I did a big Rent Stabilization Due Diligence on a big sponsor package.[1]  

There was a problematic unit. It came with a nine-year old, two-attorney stipulation of settlement in a non-primary residence case. It said that the tenant acknowledges not being Rent Stabilized and that she may stay until she moves or dies. Sounds good for the new landlord? Nope. 

The tenant was, of course, still Rent Stabilized. Stabilization is a legal status. Rent Stabilization isn’t an item to be bargained with for individual gain. A current or former tenant may have signed a document acknowledging that an apartment is not subject to Rent Stabilization. But, this does not make it so.
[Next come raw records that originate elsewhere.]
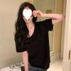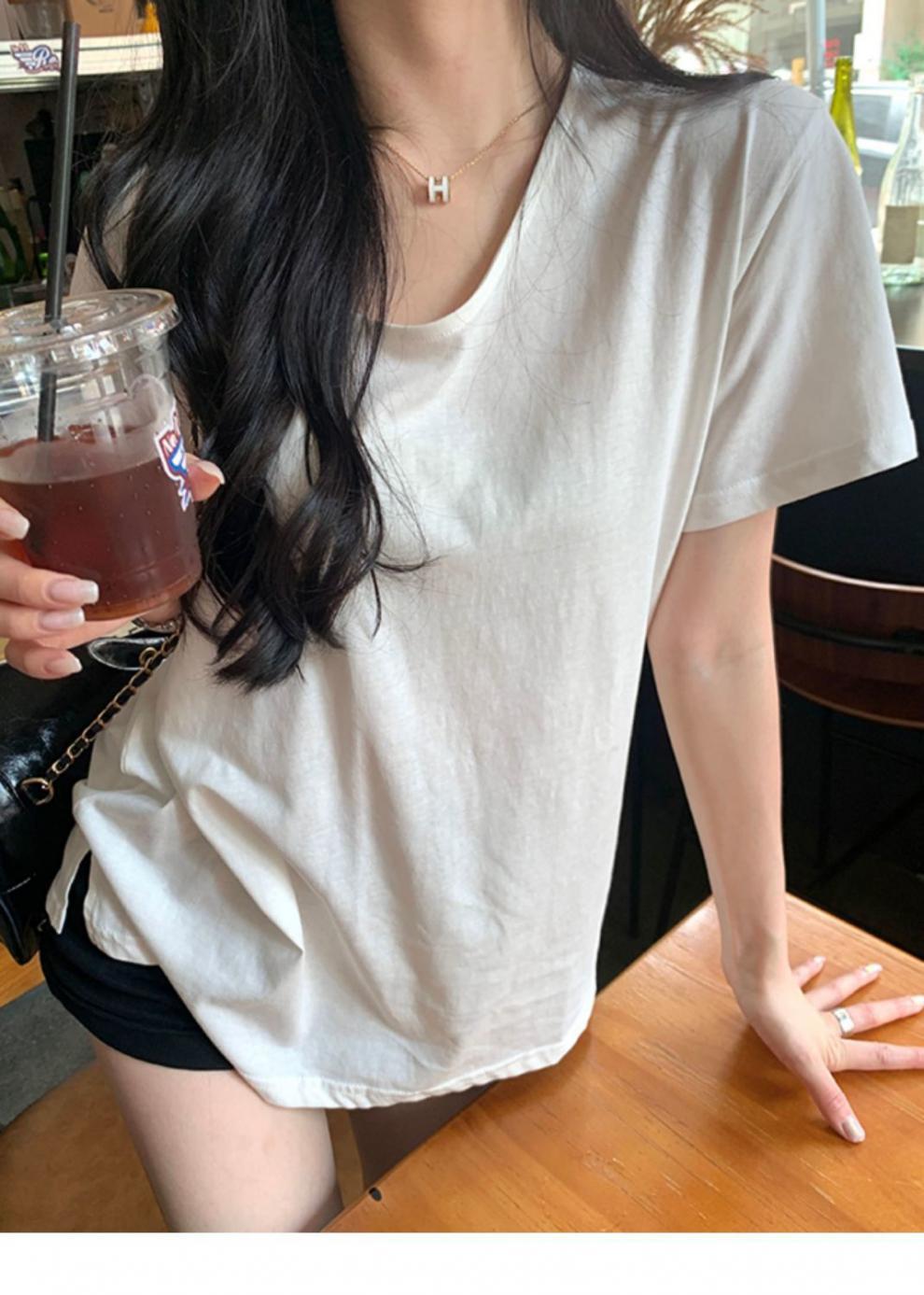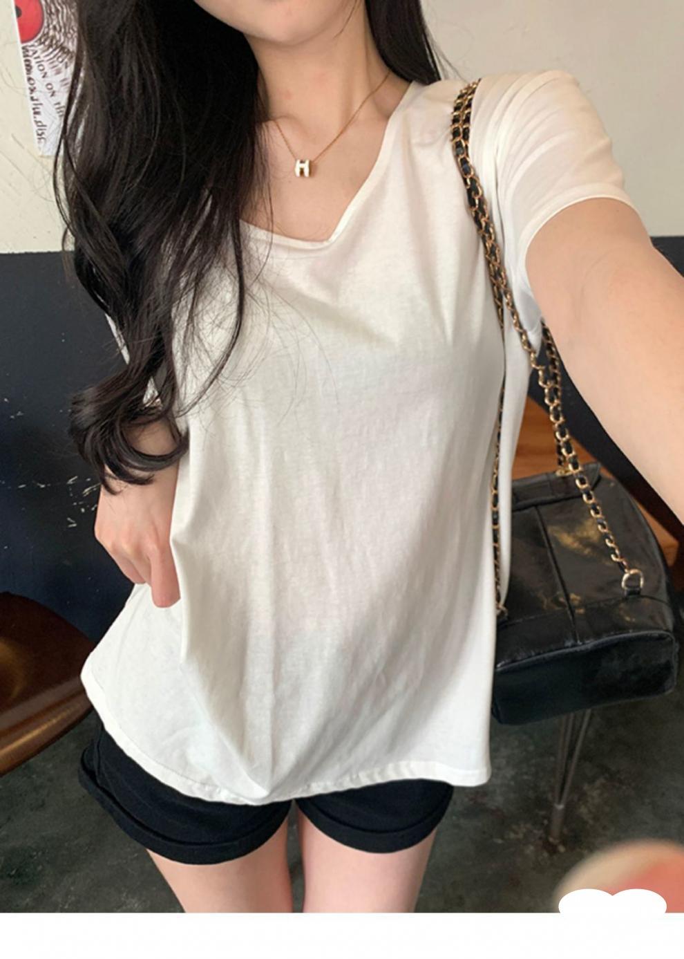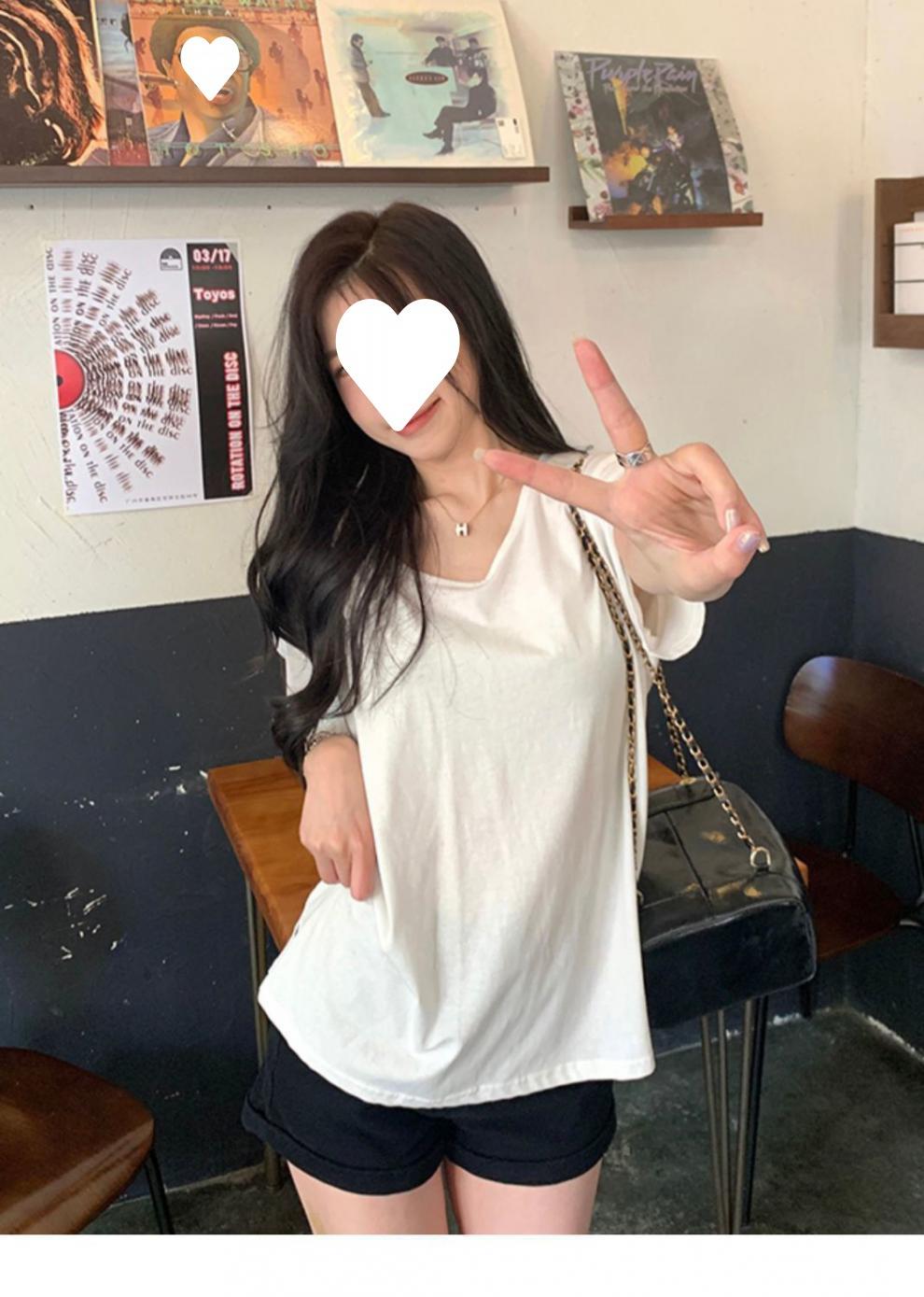Compra Playera básica suelta de manga corta con cuello en V y hombro ancho de color sólido simple para mujer, verano 2024, nueva al por mayor en Joom.pro
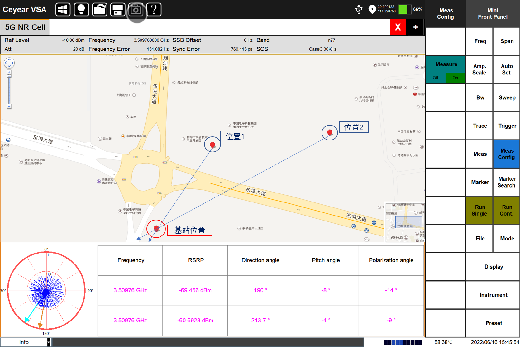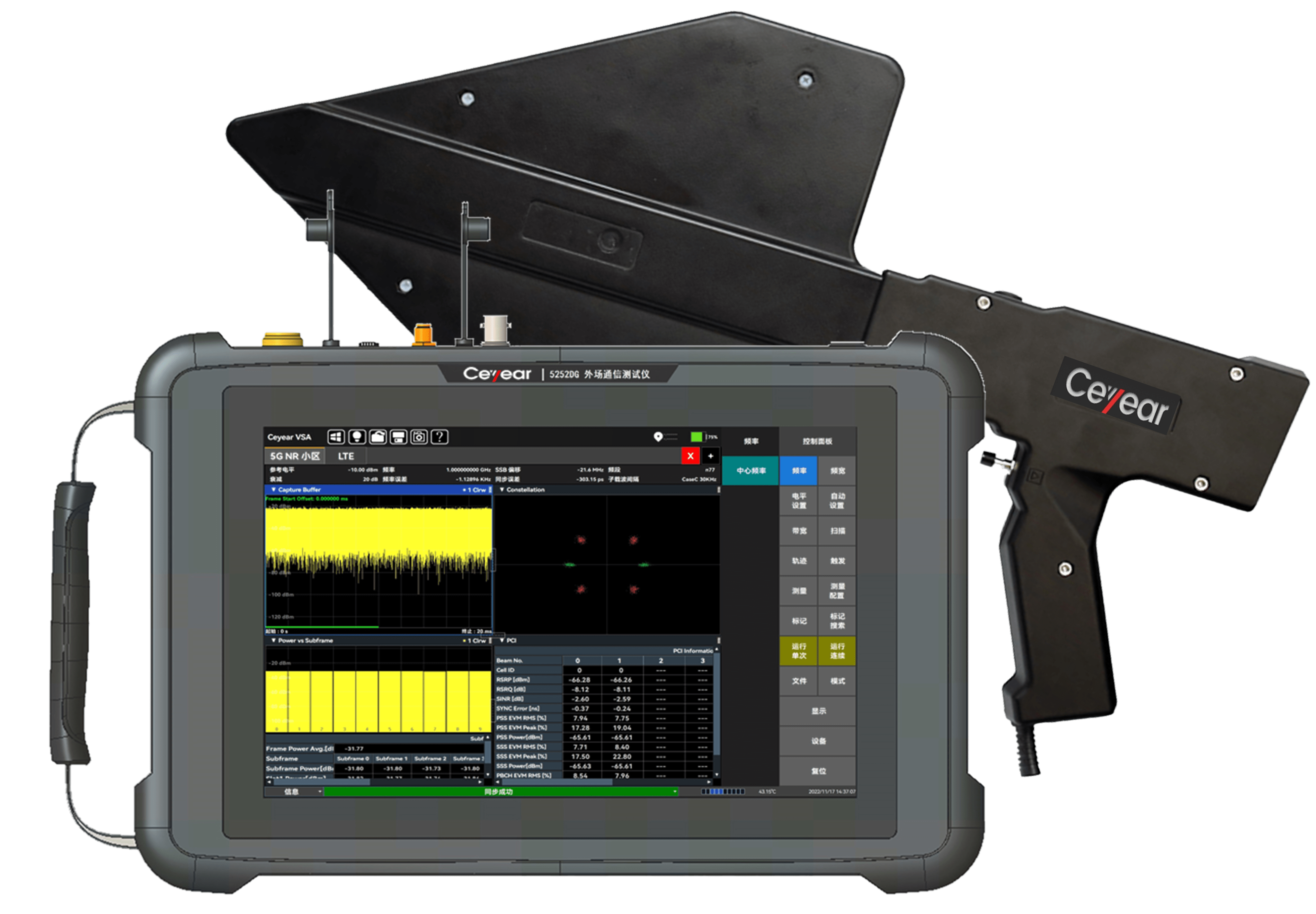 Ceyear 5252DG外場通(tōng)信測(cè)試儀在無線基站分析方麵具備豐(fēng)富的分(fèn)析能力。外場通信測試(shì)儀(yí)支持(chí)5G、4G的基站鎖定定位以及基站幹擾源的(de)地圖定位;支持(chí)5G、4G的室外/室內路測,結合高精度GPS定位地圖,標識每(měi)個測量地(dì)點的小區ID、RSSI、RSRP等參數,可(kě)進行信號的室分測試;外場(chǎng)通信測試儀具備5G NR多波(bō)束分析能力,支(zhī)持8個Beam ID同時解調(diào),提供小區ID、SS-RSRP、SS-RSRQ、SS-SINR功率(lǜ)指標、SSB星座圖和EVM等解調指標;外場通信測試儀(yí)包含LTE解調分析,提供4G信號分析(xī)、小區ID、通道(dào)功率、子幀(zhēn)功率(lǜ)及特殊(shū)子幀等解調指(zhǐ)標;外場通信測試儀支(zhī)持GSM信號解調,可進行通道功率、載幹比、頻率誤差及BSIC指標(biāo)的測試及顯示;此外,外場(chǎng)通信測試儀還支持多種調製信號分析(包括矢量信號的時域圖、星座圖、IQ信(xìn)息以及相關數值(zhí)參數)。
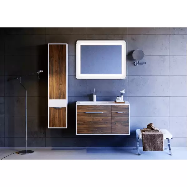 В качестве зеркального элемента для коллекции мебели « Malaga » предлагаются зеркала 90 и 120 см с широкой полосой пескоструя (абразивной холодной обработкой) и светодиодной подсветкой по периметру. Также зеркало оснащено сенсорным выключателем.
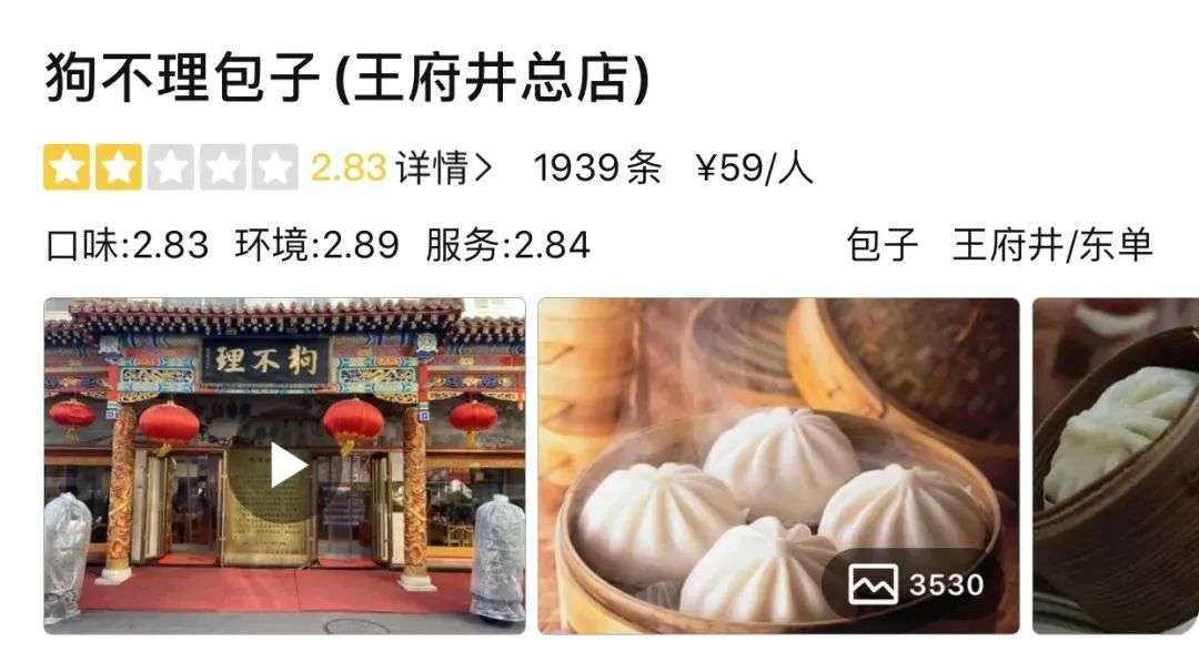 根据大众点评App显示的信息,狗不理包子(王府井总店)过去6个月的星级评分在2.84分—2.87分之间(满分为5分),在北京各类小吃快餐中星级分排行几乎倒数。
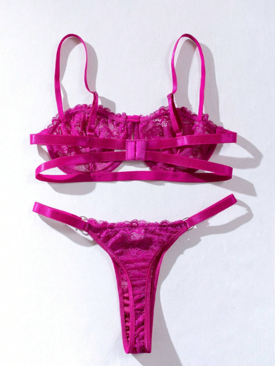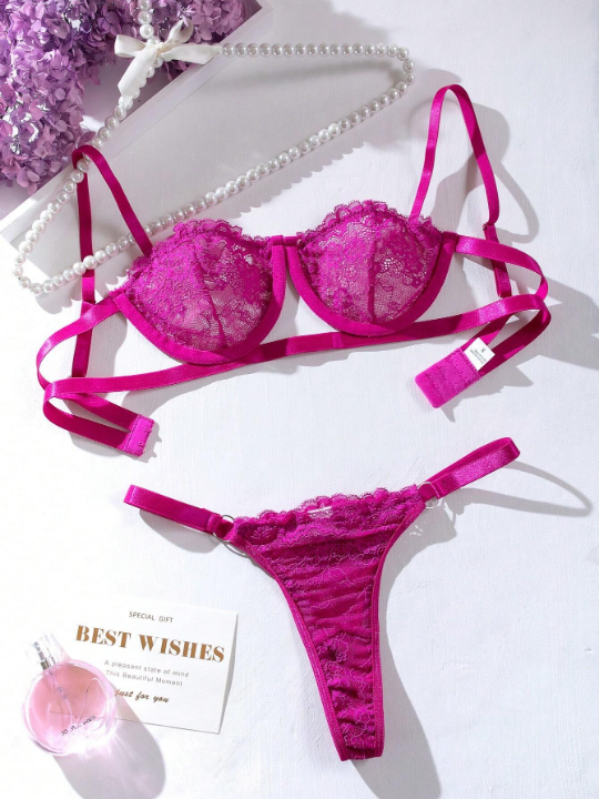 Color: Red Violet Neckline: Spaghetti Strap Type: Sexy Sets Pattern Type: Plain Bra Type: Demi Bras Panty Type: Thongs Number of Pieces: 2 Piece Set Rise: Mid Rise Details: Cut Out, Sheer, Ring Fabric: Slight Stretch Care Instructions: Machine wash or professional dry clean Tops & Pants Material: Fabric Tops & Pants Composition: 87% Polyamide, 13% Elastane
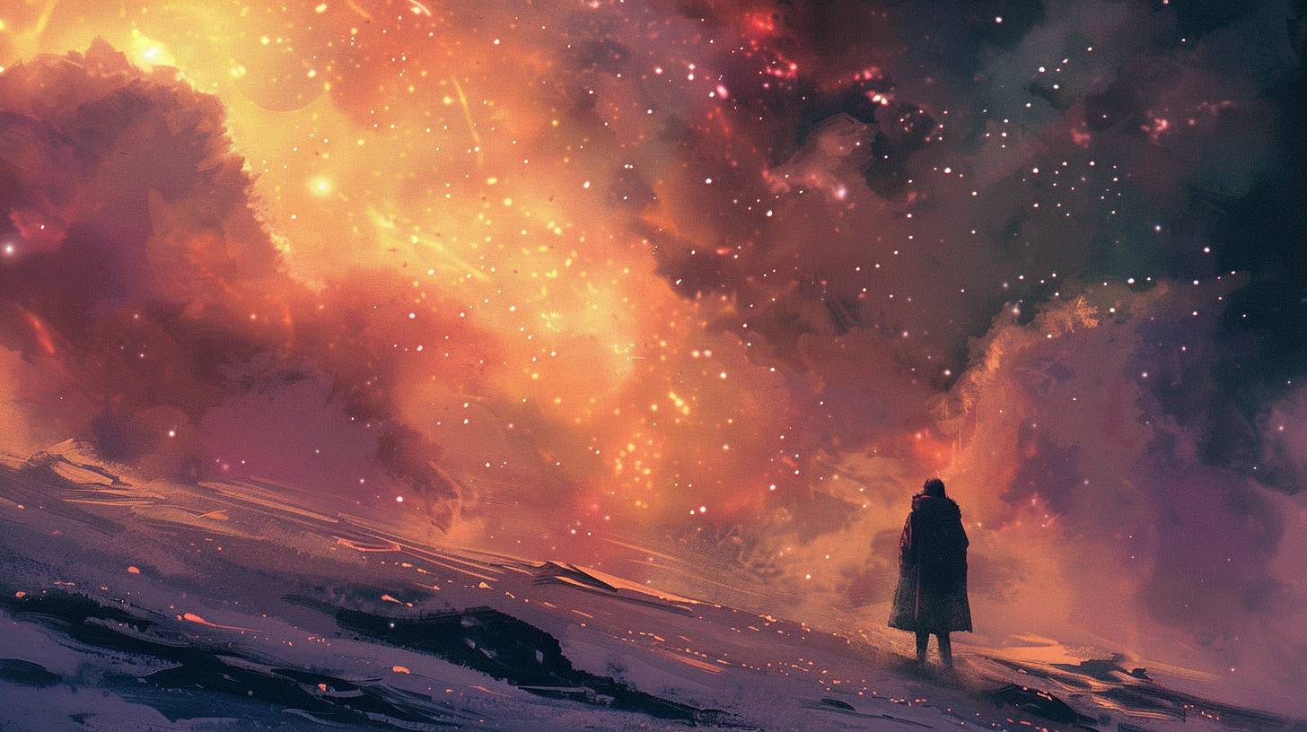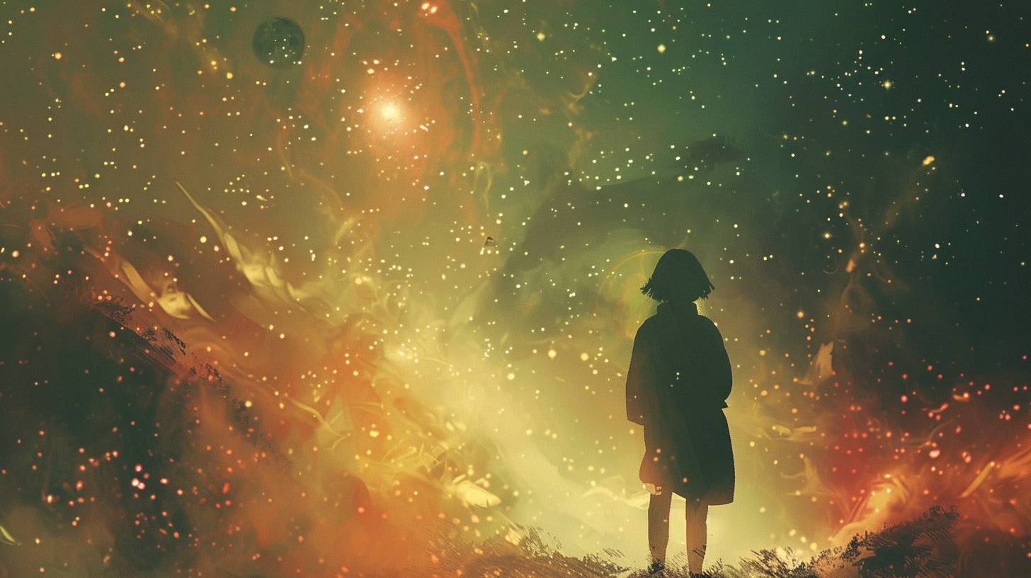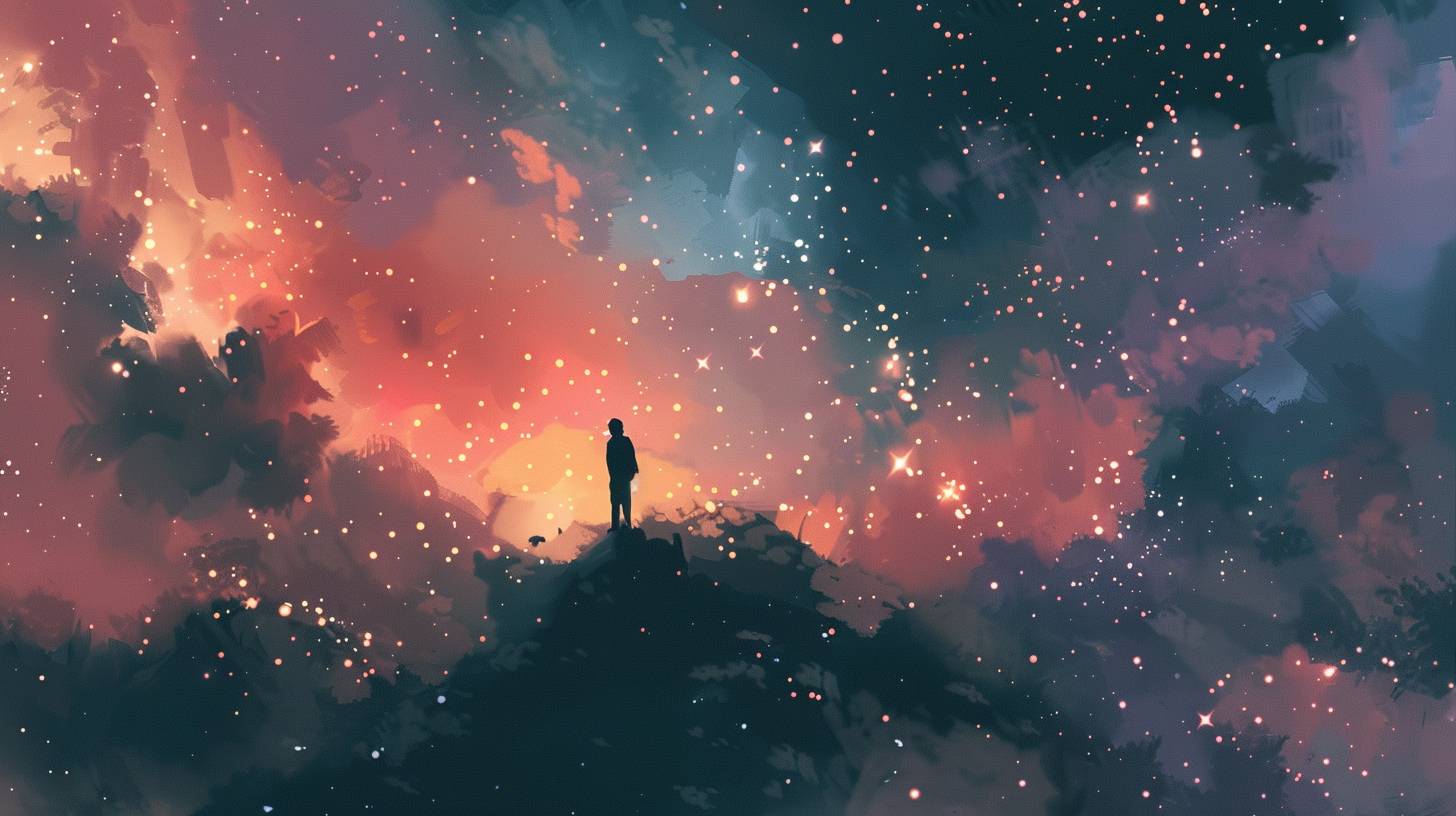 Une illustration d'étoiles et de galaxies dans un style simple, mettant en avant un souvenir flou, utilisant des couleurs atténuées et du minimalisme.

Parties may not contract in or out of Rent Stabilization coverage. Thornton v. Baron, 5 N.Y.3d 175 (2005).

So, what happens if the tenant leaves permanently for a nursing home, but has resided for more than a year in the unit with her daughter - who, by the way, lived there at the time the stipulation was executed!? Family members residing in the premises often have succession rights to the leases. 9 NYCRR § 2523.5 (b)(1); 9 NYCRR § 2520.6 (o). 

Even if a tenant could bargain with her Rent Stabilization status (she can’t), she sure can’t bargain with a successive tenants. 

There was no remedy for the current owner (or prospective purchaser), but to wait and see if the lady left peacefully without installing a successor. 

The lessons here is, once again, that Rent Stabilization Due Diligence is worth doing. And – there are no binding contracts out there taking a unit out of Rent Stabilization. That isn’t up to the landlord and/or the tenant. Rent Stabilization is a status, based upon objective factors. Those factors should be carefully examined and documented when attempting to determine an apartment’s legal status. 

Respectfully submitted,

Michelle Itkowitz


[1] Details changed to protect the innocent.